За неделю до открытия школы чья-то юрта появилась в трех верстах от укрепления, вниз по Тургаю. Зимой не принято было кочевать, и он поехал посмотреть, кто же это приехал из степи. В юрте горел огонь, десятка полтора лошадей ходили в тугаях. Войдя, он увидел Авеза Бердибаева. Жена возилась с едой, пятеро детей сидели рядышком у котла. Самый старший — Нургали встал, освобождая ему место.
— Здесь буду жить! — сказал Авез Бердибаев.
И сколько он ни пытался узнать, почему тот ушел от родичей
Нургали Авезов учился хорошо: по двенадцати баллов за все предметы поставила ему комиссия. Таких было еще трое: Беримжанов первый, Жальмухамед Жангожин и Мухамеджан Ахметжанов. О том, что люди всегда говорят одинаково, если боятся, Нургали Авезов сказал по-русски.
Он задержался после экзамена в школе: наставлял детей, что собирались уезжать на вакацию в свои кочевья. Когда шел он к комендантскому управлению, то увидел пьяного сотника Носкова. Пошатываясь, тот загораживал ему дорогу:
— Экзаменат, значит… Хор-рошо!
В голосе сотника была злоба. Что-то важное сходилось на его школе.
6
— В наличии имеется двадцать семь офицерских в штаб-офицерских чинов… Двести сорок два нижних чина при тридцати четырех унтер-офицерах. Также в отдельном казачьем эскадроне состоит… Двое больных в лазаретном содержании… Никаких происшествий на постах не случилось!..
Есаул Краснов опустил шашку. Яков Петрович утренние и вечерние доклады дежурного офицера принимал с неукоснительностью. Разве что двойное гарнизонное построение отменил, которое было при бароне. Лекарь Кульчевский сидел при комендантском столе, и Алтынсарин что-то делал возле шкафов.
Золотой с синим портрет государя висел на побеленной стене, а в углу икона победоносного Георгия. Через дверь видны были плуги, косилки, веялка, сложенные в передней. Их привезли с осенним обозом для ознакомления инородцев с европейскими методами хлебопашества.
— Рапорт принял комендант Оренбургского укрепления подполковник Яковлев…

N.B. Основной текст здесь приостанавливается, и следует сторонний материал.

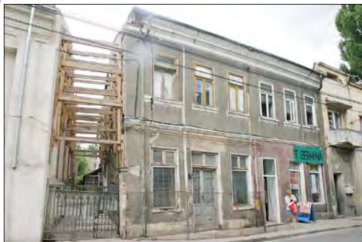
Bălcescu nr.40- Germania e atât de departe!
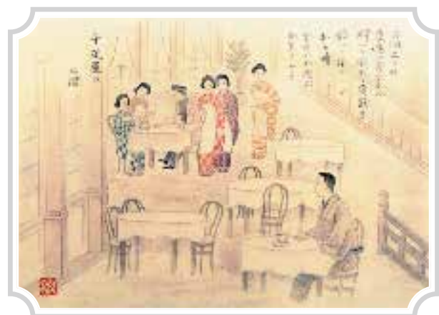
【1916年(大正5年)頃】 フルーツパーラーの様子
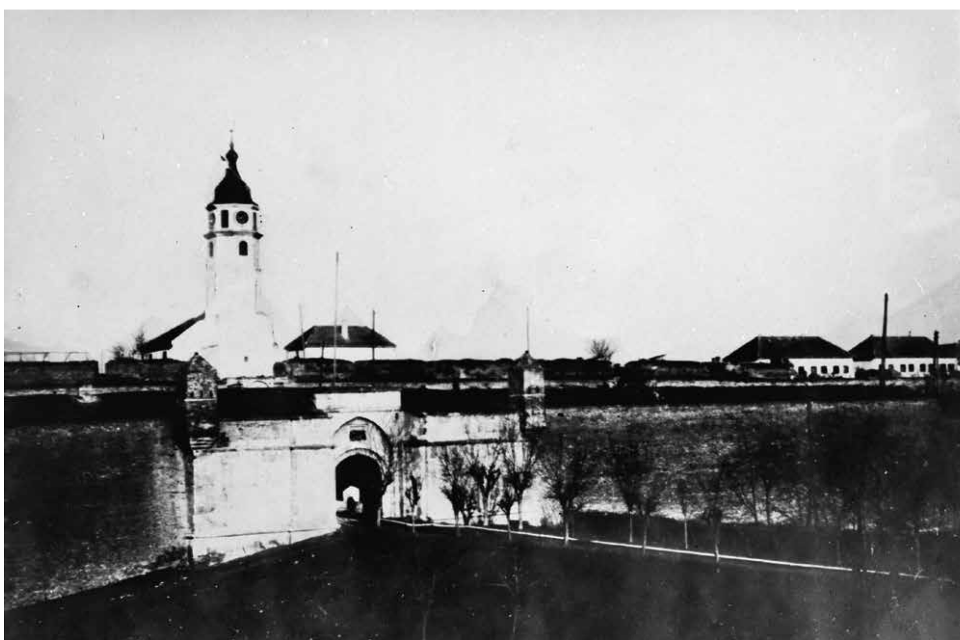
1920. ГОДИНА YEAR 1920

БАСТИОНИ I И II ЈУГОИСТОЧНОГ ФРОНТА НАЛАЗЕ СЕ У ГОРЊЕМ ГРАДУ БЕОГРАДСКЕ ТВРЂАВЕ. ИЗГРАЂЕНИ СУ У ТОКУ ТРЕЋЕ РЕКОНСТРУКЦИЈЕ БЕОГРАДСКЕ ТВРЂАВЕ, У ПЕРИОДУ ОД 1740. ДО 1791. ГОДИНЕ, КАДА ЈЕ ТВРЂАВА ПРЕШЛА ПОД ТУРСКУ УПРАВУ. НАКОН ПОТПИСИВАЊА УГОВОРА О ПРИМИРЈУ 1739. ГОДИНЕ, ТУРСКА ЈЕ ЗАДРЖАЛА СТАРУ ОДБРАМБЕНУ КОНЦЕПЦИЈУ, УСТАНОВЉЕНУ ТОКОМ БАРОКНЕ РЕКОНСТРУКЦИЈЕ 1717–1739, ТАКО ДА СУ ПОНОВО ПОДИГНУТА ДВА СИМЕТРИЧНО ПОСТАВЉЕНА БАСТИОНА, ПОВЕЗАНА КУРТИНОМ, СА ОРИЉОНИМА И ПОЛУКРУЖНО УВУЧЕНИМ ФЛАНКАМА. НА ОРИЉОНУ БАСТИОНА I ЈУГОИСТОЧНОГ ФРОНТА НАЛАЗИЛА СЕ ОСМАТРАЧНИЦА, А ДУЖ ФАСА И ФЛАНКЕ БАСТИОНА БИЛЕ СУ ТОПАРНИЦЕ. БАСТИОН I ОЧУВАН ЈЕ У ИЗВОРНОМ СТАЊУ СВЕ ДО ПОСЛЕДЊИХ ДЕЦЕНИЈА 19. ВЕКА. ЗБОГ ВЕЛИКИХ ОШТЕЋЕЊА У ТОКУ БОМБАРДОВАЊА 1915. ГОДИНЕ, БАСТИОН ЈЕ У РАЗДОБЉЈУ ИЗМЕЂУ ДВА СВЕТСКА РАТА ОБНАВЉАН. НАЈВЕЋЕ ТРАНСФОРМАЦИЈЕ ДОЖИВЕО ЈЕ СРЕДИНОМ ДВАДЕСЕТИХ ГОДИНА ПРОШЛОГ ВЕКА, КАДА ЈЕ САГРАЂЕНА ЗГРАДА ВОЈНО-ГЕОГРАФСКОГ ИНСТИТУТА КРАЉЕВИНЕ СХС.

Есаул вложил шашку в ножны, зевнул и, сев на скамью, стал смотреть, как Алтынсарин складывает на полку в шкафу книги. С приездом Яковлева, на манер топографов в Оренбурге, офицеры вскладчину выписывали журнальные книжки, а также газеты из Петербурга и Казани. Алтынсарин наблюдал за ними, выдавая по очереди. Только квартирмейстер Краманенков по скупости да сотник Носков по темноте души не участвовали в подписке.
— Не могу что-то я понять, Иван Алексеевич… — Краснов всякий разговор на книжную тему начинал такими словами. — В достойных журналах ругают графа Толстого, что про казаков больно гладко все описал. Я ведь сам ставропольский казак, сюда за историю перевели. Так очень даже проникновенно он про нашу жизнь пишет. Можно сказать, сокровенное увидел.
— Господа, не желаете ли в карты?.. Эй, Семенов, подать колоду!
Есаул пошел к столу. Алтынсарин будто не слышал слов коменданта и продолжал возиться у шкафа.
— Ладно, мирза, уж не обижайтесь на старое! — настаивал Яковлев. — Садитесь ко мне в пару!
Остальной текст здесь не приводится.